Treponema pallidum, formerly known as Spirochaeta pallida, is a microaerophilic spirochete bacterium with subspecies that cause the diseases syphilis, bejel (also known as endemic syphilis), and yaws. It is known to be transmitted only among humans and baboons. The bacterium is helically coiled, typically measuring 6–15 μm in length and 0.1–0.2 μm in width.
T. pallidum exhibits minimal metabolic activity due to its lack of both a tricarboxylic acid cycle and processes for oxidative phosphorylation. The bacterium has cytoplasmic and outer membranes. When viewed under light microscopy, treponemes are visible only under dark-field illumination.
There are three subspecies of T. pallidum: T. p. pallidum, T. p. endemicum, and T. p. pertenue, each associated with distinct diseases.
Subspecies
Three subspecies of T. pallidum are known:
- Treponema pallidum pallidum, which causes syphilis
- T. p. endemicum, which causes bejel or endemic syphilis
- T. p. pertenue, which causes yaws
The three subspecies causing yaws, bejel, and syphilis are morphologically and serologically indistinguishable. Originally classified as separate species, DNA hybridization analysis indicates they belong to the same species. Treponema carateum, the cause of pinta, remains a separate species due to the unavailability of isolates for DNA analysis. Transmission of T. p. endemicum and T. p. pertenue is considered non-venereal. T. p. pallidum is the most invasive pathogenic subspecies, while T. carateum is the least invasive. T. p. endemicum and T. p. pertenue are intermediate in invasiveness.
Physiology
Treponema pallidum is a helically shaped bacterium with high motility, composed of an outer membrane, peptidoglycan layer, inner membrane, protoplasmic cylinder, and periplasmic space. It is often described as Gram-negative, but its outer membrane lacks lipopolysaccharide found in other Gram-negative bacteria. It possesses an endoflagellum (periplasmic flagellum) consisting of four main polypeptides, forming a core structure and sheath. The flagellum is located within the periplasmic space and wraps around the protoplasmic cylinder. The outer membrane of T. pallidum has minimal protein content, limiting antigenicity and immune recognition. Its cytoplasmic membrane is covered in lipoproteins. Treponema species have cytoplasmic filaments composed of the intermediate filament-like protein cytoplasmic filament protein A (CfpA), although their precise function remains unknown.
Outer Membrane
The outer membrane of T. pallidum presents challenges for research due to its low protein content, fragility, and limited gene sequences compared to other Gram-negative outer membranes. Genomic sequencing and advanced computational models have improved understanding of its pathogenesis, persistence, and immune evasion strategies. Outer membrane proteins are crucial for interaction with the host and immune evasion. T. pallidum is known as a "stealth pathogen" due to its unique outer membrane structure.
TP0326, TP0965, TP0453, TP0624
TP0326 is an ortholog of the β-barrel assembly machine Bam A, involved in inserting outer membrane proteins into the membrane. TP0965 is critical for membrane fusion in T. pallidum and contributes to endothelial barrier dysfunction in late-stage syphilis. TP0453 is an inner membrane-associated protein involved in nutrient uptake. TP0624, an Outer Membrane Protein A (OmpA) domain-containing protein, facilitates structural integrity and interactions between outer membrane proteins and the peptidoglycan layer.

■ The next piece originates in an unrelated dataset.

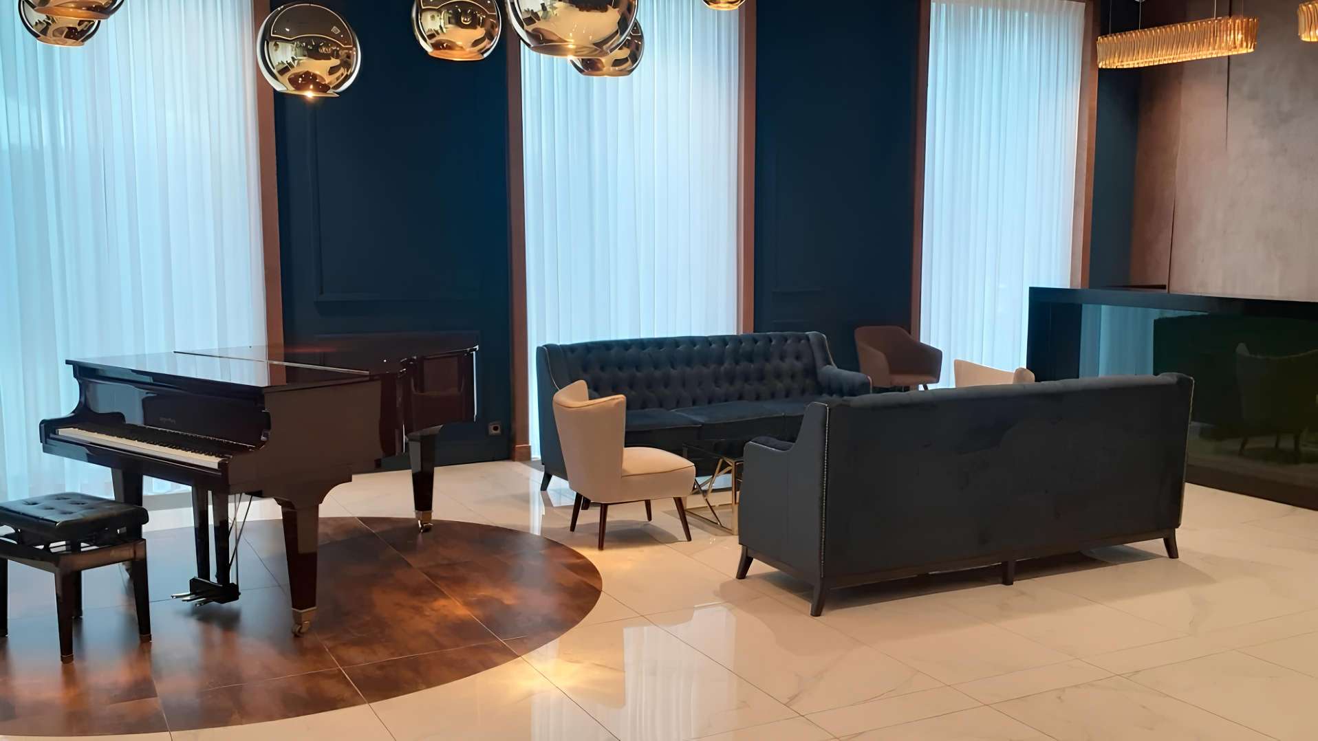 Интерьеры выполнены в спокойных, нейтральных тонах с использованием дорогих материалов: мрамора, натурального дерева и авторской мебели. Для неформального общения и деловых встреч предусмотрены комфортабельные лаунж-зоны.
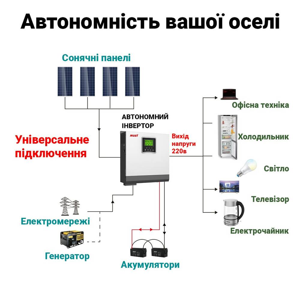 Ізольований інвертор зарядного пристрою Must Solar 1000 Вт 12 В забезпечує вихідну потужність до 1000 Вт від акумуляторів 12 В. Інвертор має вхід для сонячних батарей, який служить для живлення споживання і для підзарядки 12-вольтової батареї. Ця енергія проходить через внутрішній регулятор заряду інвертора зарядного пристрою до 50 А типу PWM і призначена для збільшення заряду акумуляторів, щоб вони були готові до використання. Крім того, до комплекту входить зарядний пристрій на 12 В з потужністю заряджання до 20 А на випадок, якщо нам час від часу буде потрібно підзарядити акумулятори від сумісного генератора або від зовнішньої електричної мережі.

Treponema Repeat Family of Proteins (Tpr)
Tprs, expressed during infection, consist of conserved N-terminal and C-terminal domains with a central variable region. TprK, with variable regions (V1–V7), undergoes antigenic variation to evade host immunity, allowing reinfection. Phase variation in TprF, TprI, TprG, TprJ, and TprL involves reversible changes in polymeric repeats to adapt to the microenvironment and evade immune responses.
Culture and Genome
Culturing T. pallidum in vitro has historically been challenging, limiting studies on its metabolism and antimicrobial sensitivity. Successful long-term cultivation was achieved in 2017 using epithelial cells from rabbits and a specific tissue culture medium. The genome of T. pallidum, sequenced in 1998, revealed its reliance on host-derived molecules and reduced metabolic capabilities. Its small genome and adaptation to mammalian tissue contribute to its pathogenicity and evasion of host defenses.
Clinical Significance
Clinical features of syphilis, yaws, and bejel progress through multiple stages affecting the skin, with early lesions highly infectious. Latent stages may persist for life or progress to destructive tertiary lesions affecting skin, bone, and cartilage. Syphilis in its tertiary stage can also impact the heart, eyes, and nervous system.